For this exercise, repeat exactly the lines below starting at the line holding "A beautifully crafted" and ending at the line holding "4、進(jìn)入到漫畫詳情", both included, with no extra lines and no pictures.

• _Dataset records_
+ + +
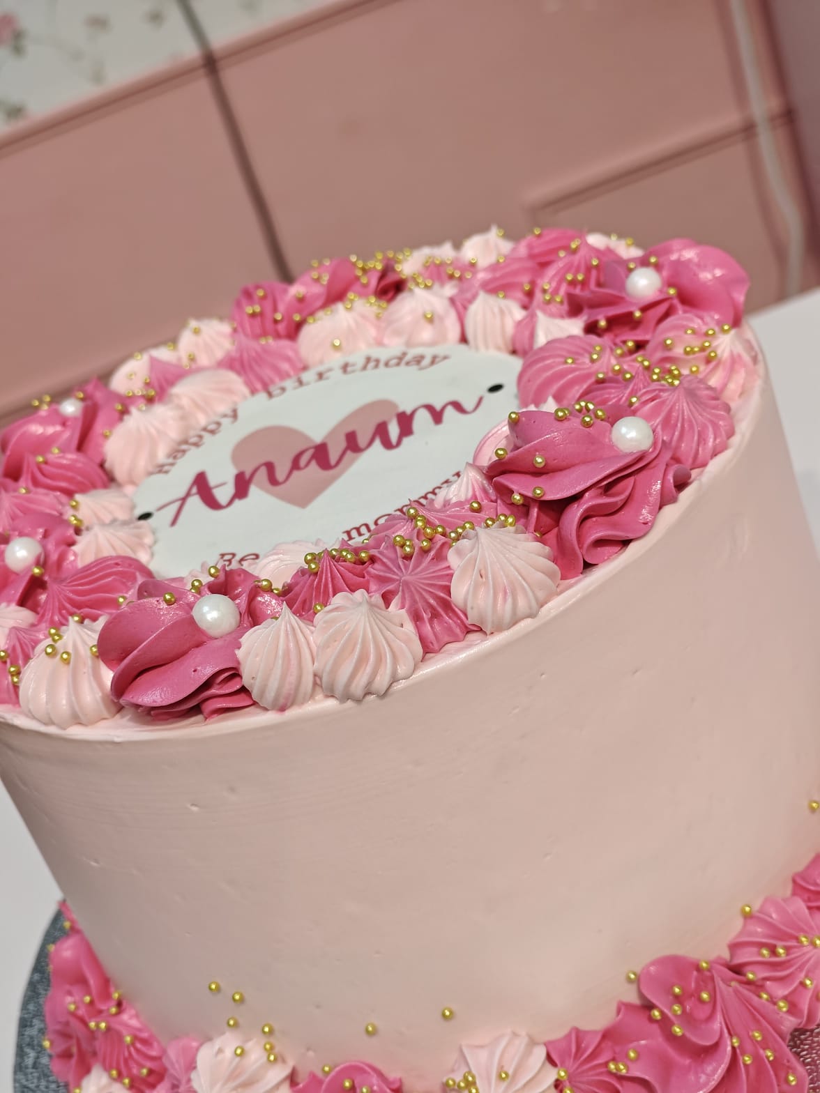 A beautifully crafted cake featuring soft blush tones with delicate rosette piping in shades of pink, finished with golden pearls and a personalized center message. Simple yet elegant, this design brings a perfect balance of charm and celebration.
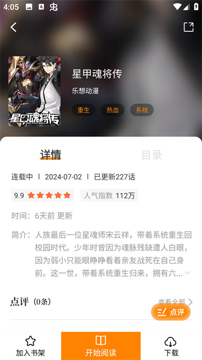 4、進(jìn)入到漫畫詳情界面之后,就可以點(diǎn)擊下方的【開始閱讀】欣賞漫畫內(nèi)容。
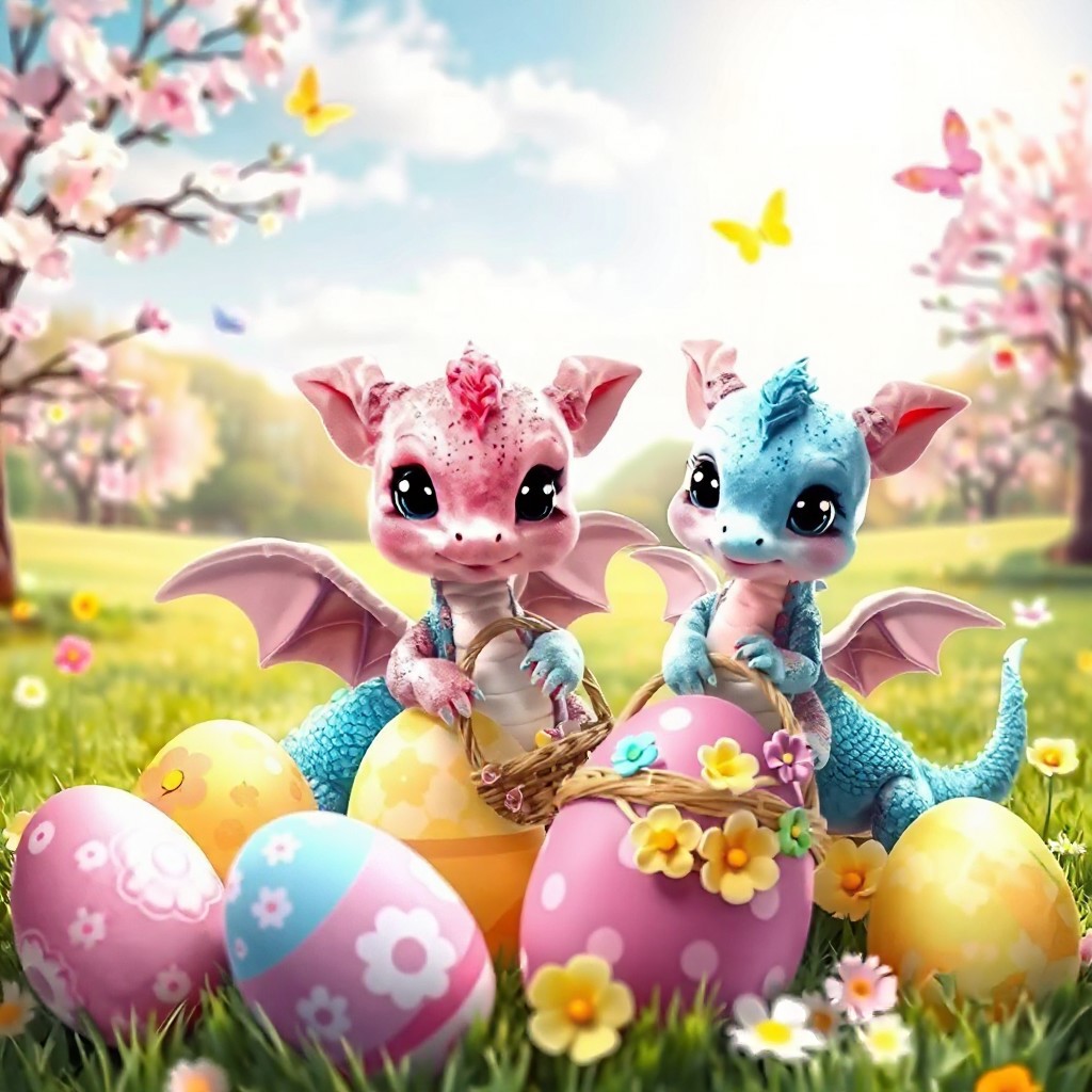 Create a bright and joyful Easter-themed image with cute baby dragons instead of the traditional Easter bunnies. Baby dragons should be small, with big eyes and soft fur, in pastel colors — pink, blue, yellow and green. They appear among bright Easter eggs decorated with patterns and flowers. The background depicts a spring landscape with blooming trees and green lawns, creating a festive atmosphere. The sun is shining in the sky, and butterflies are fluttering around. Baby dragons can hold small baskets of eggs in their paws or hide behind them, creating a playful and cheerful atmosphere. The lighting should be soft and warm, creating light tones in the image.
+ + +
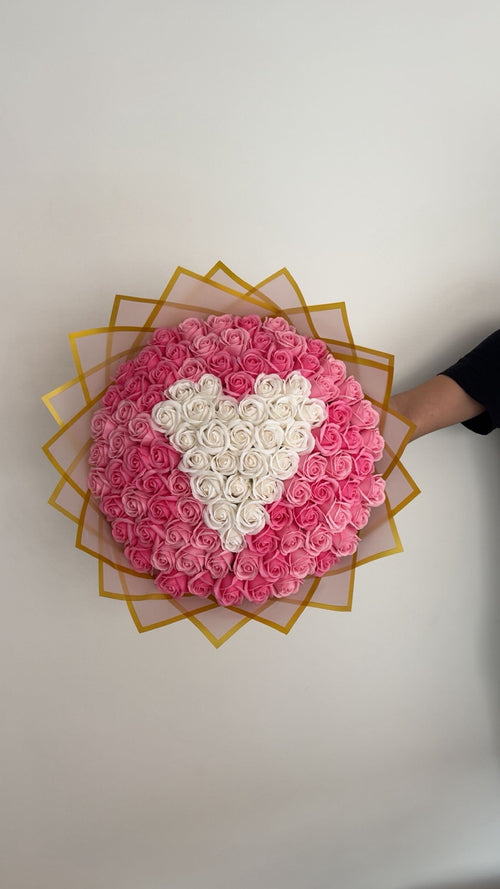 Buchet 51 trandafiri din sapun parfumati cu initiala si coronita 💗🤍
+ + +
• _Task answer_
 A beautifully crafted cake featuring soft blush tones with delicate rosette piping in shades of pink, finished with golden pearls and a personalized center message. Simple yet elegant, this design brings a perfect balance of charm and celebration.
 4、進(jìn)入到漫畫詳情界面之后,就可以點(diǎn)擊下方的【開始閱讀】欣賞漫畫內(nèi)容。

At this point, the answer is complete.